The need to modernize legacy applications has never been greater. Intense global competition and web-based innovations are forcing companies to find efficient and cost-effective ways to refresh old applications and integrate them into their current IT infrastructures, while causing minimal disruption to business. The good news is that application modernization is more "doable" than ever, thanks to new standards-based open technologies.

Legacy applications, which usually contain a company's essential business functionality, are expensive and difficult to maintain. Completely replacing these applications is never a viable option because the cost and time involved would be grossly disproportionate to the benefit.

As with most important programming endeavors, application modernization can be done in different ways, depending on a company's needs, budget, IT expertise, and knowledge of the pros and cons of each approach.

Broadly speaking, there are three ways to transform a legacy application into a modern one: rewrite it; purchase an off-the-shelf solution; or migrate the application to a web-based platform.

Application modernization initiatives enable companies to quickly and efficiently move legacy applications to modern web-based platforms that deliver optimal functionality and flexibility, to comply with regulatory requirements, and to keep pace with competitors without disrupting their operations. In addition, such initiatives help businesses to cut operational costs, while refocusing existing budgets to serve new projects.

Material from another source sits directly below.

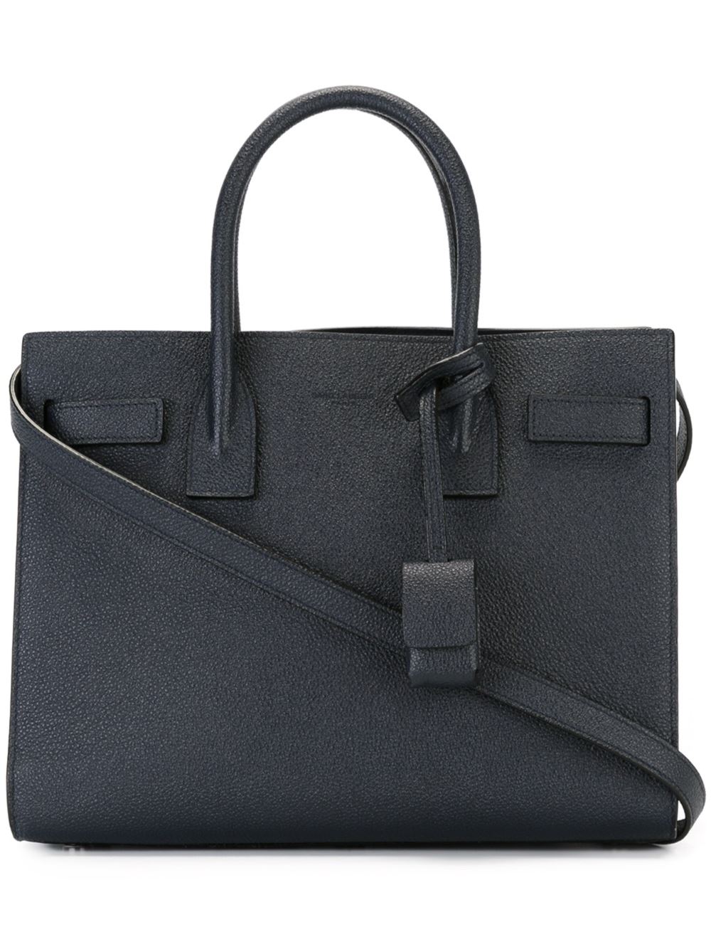 - Saint Laurent 蓝色 牛皮 'Sac de Jour'baby手提包。 顶部有弧状手柄, 正中有品牌标记, 皮质吊牌, 可拆卸可调肩带, 铜炮色五金配件, 双边可延展, 内置拉链夹层, 脚钉。

Different ways to modernize applications

Rewrite an application
The big advantage of rewriting an application is that you can customize it exactly as you want it. Any application that no longer meets current business requirements will likely require a re-architecture and change in business logic.

On the downside, however, the process of rewriting is very time-intensive and expensive, and consumes a lot of internal resources. Another negative is that the process can be disruptive to the end-user's work life, as they have to do their job while learning new technology.